| Task details |
Please restate word for word each line from the one containing "该款模板采用个性张扬的黑色与" to the last line of the records below, and drop the pictures.

| Dataset entries |
####
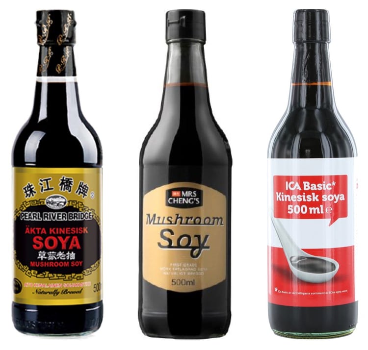 - Mörk soja â tjockare, lite söt, ger fĂ€rg
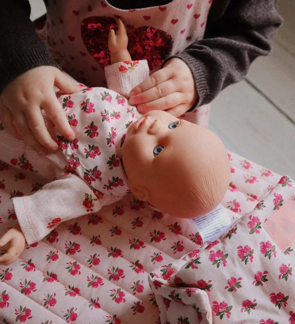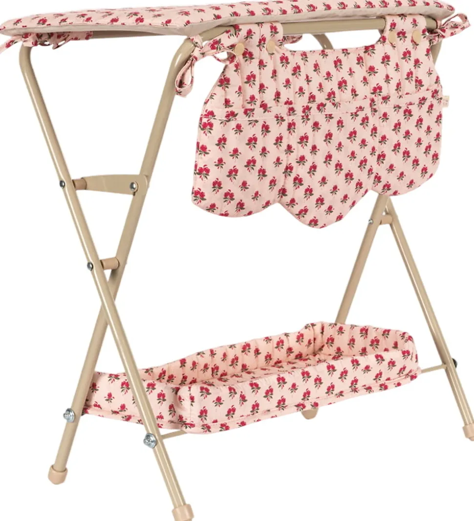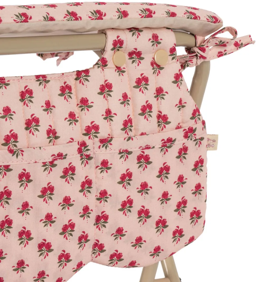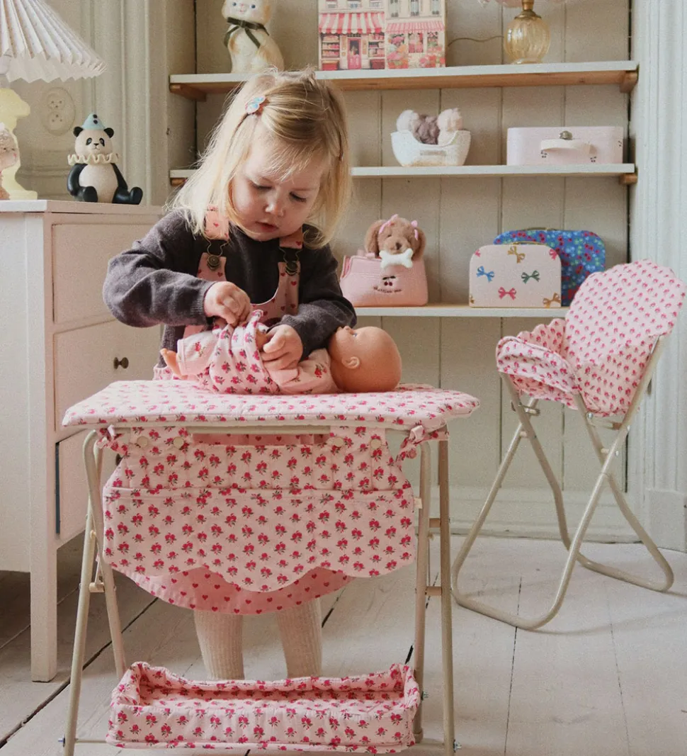 Smart Konges Sløjd puslebord til dukker i lyserosa med et rødt blomsterprint og med en quiltet struktur samt bølgede scallop-kanter.
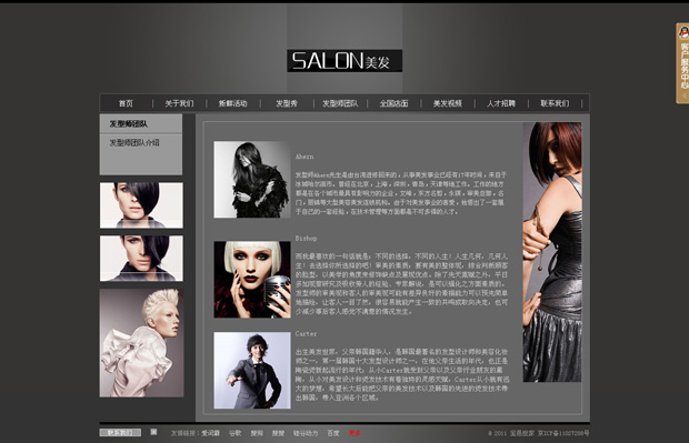该款模板采用个性张扬的黑色与灰色的组合作为网站的基调,首页主菜单包括了关于我们,新鲜活动,发型师团队,发型秀等内容,版面内更是运用了多组与美发相关的图片来尽显主题,整个网站的设计布局整体感出众,感染力和视觉冲击力非常的出众。这款模板具有设计非常新颖,独创力强的特点,而且,此模板的魅力也许就在于其独特新颖的设计,使其具有极强的吸引力,用了此模板,不仅使用户骄傲,而且,当有人拜访你的网站的时候也会跟你共鸣的。
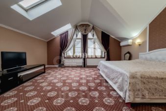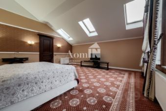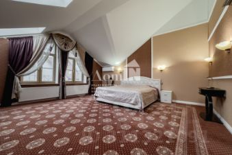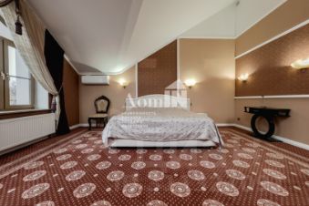 На втором этаже: просторный кабинет с экером и окнами в пол, с большой спальней, состоящей из двух комнат, с сан.узлом и выходом на мансардное помещение и небольшую лоджию.
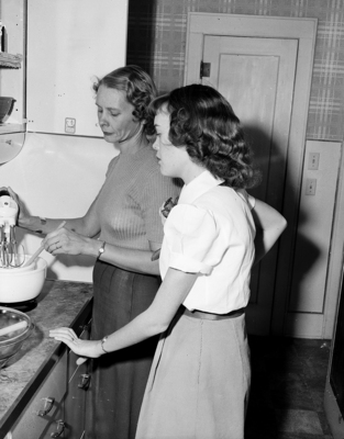 Mrs. Ellis passes along a few tips on cookery to her 4-H daughter as they work together in the large and modern kitchen in the Ellis farm home near Plainview. Published in Fort Worth Star-Telegram morning edition December 3, 1950.
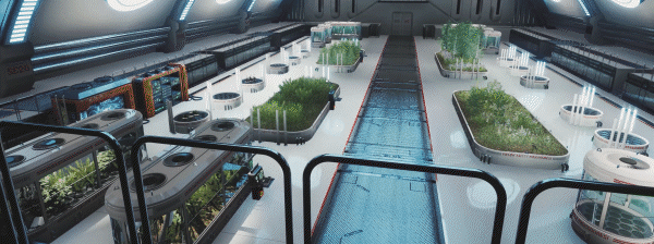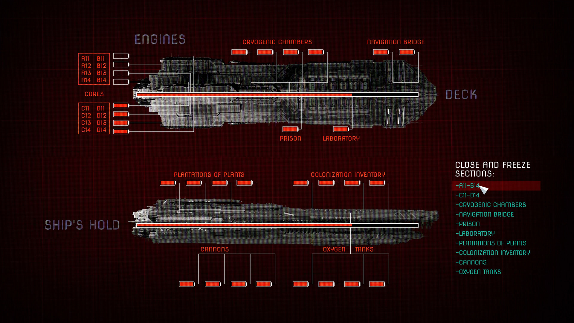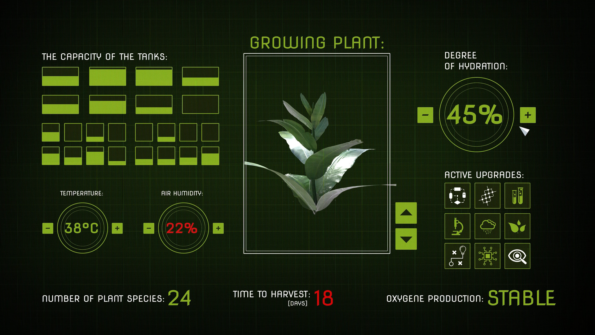 The colony ship is self-contained. Oxygen and additional food are supplied by plants, and it is your responsibility to provide suitable climatic conditions for plant growth. Control parameters such as air humidity, temperature, and hydration level.
####
| Task result |
该款模板采用个性张扬的黑色与灰色的组合作为网站的基调,首页主菜单包括了关于我们,新鲜活动,发型师团队,发型秀等内容,版面内更是运用了多组与美发相关的图片来尽显主题,整个网站的设计布局整体感出众,感染力和视觉冲击力非常的出众。这款模板具有设计非常新颖,独创力强的特点,而且,此模板的魅力也许就在于其独特新颖的设计,使其具有极强的吸引力,用了此模板,不仅使用户骄傲,而且,当有人拜访你的网站的时候也会跟你共鸣的。
 На втором этаже: просторный кабинет с экером и окнами в пол, с большой спальней, состоящей из двух комнат, с сан.узлом и выходом на мансардное помещение и небольшую лоджию.
 Mrs. Ellis passes along a few tips on cookery to her 4-H daughter as they work together in the large and modern kitchen in the Ellis farm home near Plainview. Published in Fort Worth Star-Telegram morning edition December 3, 1950.
 The colony ship is self-contained. Oxygen and additional food are supplied by plants, and it is your responsibility to provide suitable climatic conditions for plant growth. Control parameters such as air humidity, temperature, and hydration level.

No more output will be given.